I honestly didn't think much of the album at the time, as I was listening to bands like Doctor Nerve and Univers Zero mostly in those days, and didn't have much appreciation for this pop-ish style of music. But since Rabin's addition to the archives, I've taken a fresh look at the disk.

If you like the 80's Yes, then you may just enjoy this album. It definitely displays Rabin's influence, and points to him as the leader of Yes during that period. The song styling is similar in many ways, and quite often sounds like tracks that could have been on "Big Generator". It has a similar, clear production, with Rabin's rich harmonization of guitars, keyboards and vocals.
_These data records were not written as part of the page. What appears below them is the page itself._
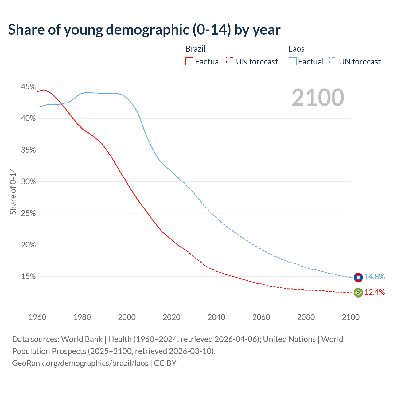 - The share of young demographic (0-15 years old) in Brazil is 19.7% vs 30.2% in Laos.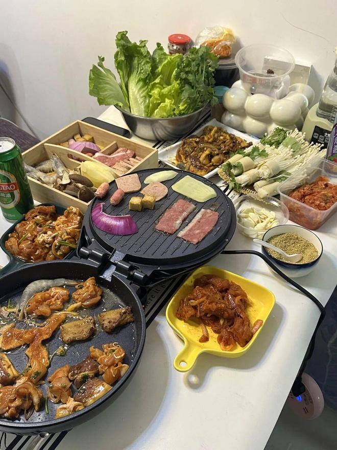 既然可以用电饼铛烤鱼,自然也可以用来烤肉了,只要准备好相应的食材,绝对能吃到爽吃到撑。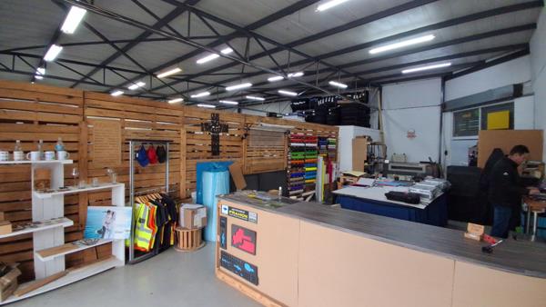 Spacious warehouse area suitable for storage or showroom use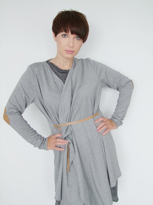 Kardigan z nowej kolekcji jesień zima 2013 by momo wykonany z miękkiej przyjemnej w dotyku dzianiny w kolorze szarym melanż z przedłużonymi rękawami na łokciach z naturalnej skóry ozdobne łatki zapinany na pasek również z naturalnej skóry modelka na zdjęciu 170 rozmiar 36-38 pasuje do rozmiaru 40 dodatki do stylizacji również do zakupienia: tunika szara, rękawiczki i torba borba by momo.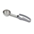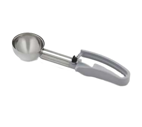 Disher, extended length, 3.7 oz., size 8, 2-7/8" dia., one-piece, two-part construction, stainless steel scoop & shaft, gray color-coded 7-3/4" long ergonomic plastic handle, designed for left or right-handed users, not recommended for use with ice cream or hard products, NSF (Refer to vollrathfoodservice.com for full warranty policy)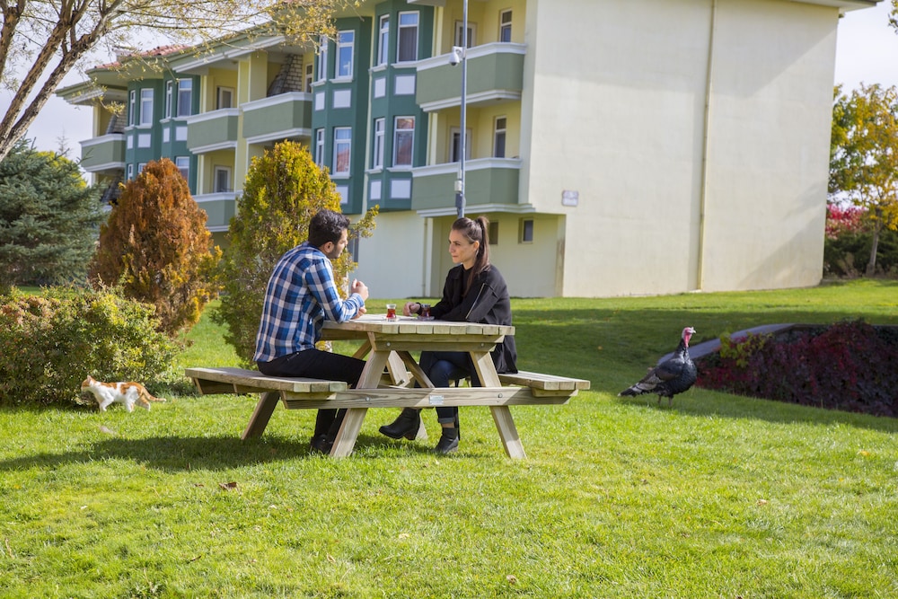 Gidecek olanlara şunu iletmeliyim.Otelin yaş ortalaması çok yüksek. Ailecek gittiğimizde etraftaki garip bakışlardan çok rahatsızlık duyduk. Huzurevini andıran bir görüntüsü mevcut. Çalışanları gülerken görmek çok zor, tebessüm eden kimseye rastlamadık. Termal otel olmasına karsın hijyen açısından tuvalet ve banyoları malesef hoş değil. Bir daha asla kalacagımı düşünmüyprım. Ayrıca evcil hayvan yasak olmasına karsın bahcedeki hayavant bahcesi alanda 3m2 ye hayvanları hapsetmeleri ayrı bir ironi. Müşteri çekmek için hayvanları hapsedeceğinize kişilerin evcil hayvanlarına izin vermeniz vok daha anlamlı.

Much of it also sounds like classic Foreigner, which isn't necessarily a bad thing. Rabin's undoing comes in his sometimes too schmaltzy lyrics, hitting the depths on "Hold On To Me". But those points don't totally overwhelm the fact that Rabin is a truly gifted guitarist. His solos throughout lift even the sappy love songs to a listenable level.

The album revs up a bit at the end. "Sludge" is the best, and most progressive and aggressive track. It's an instrumental that becomes an almost metal fusion piece. "I Miss You Now" displays some nice bass work from Rabin, and "The Cape" provides a nice ending over an almost new-age backing track.

Does this album justify Rabin's inclusion here? Not quite, but "Jacaranda" certainly does. But as a slightly prog, but mostly rock album, it's pretty good.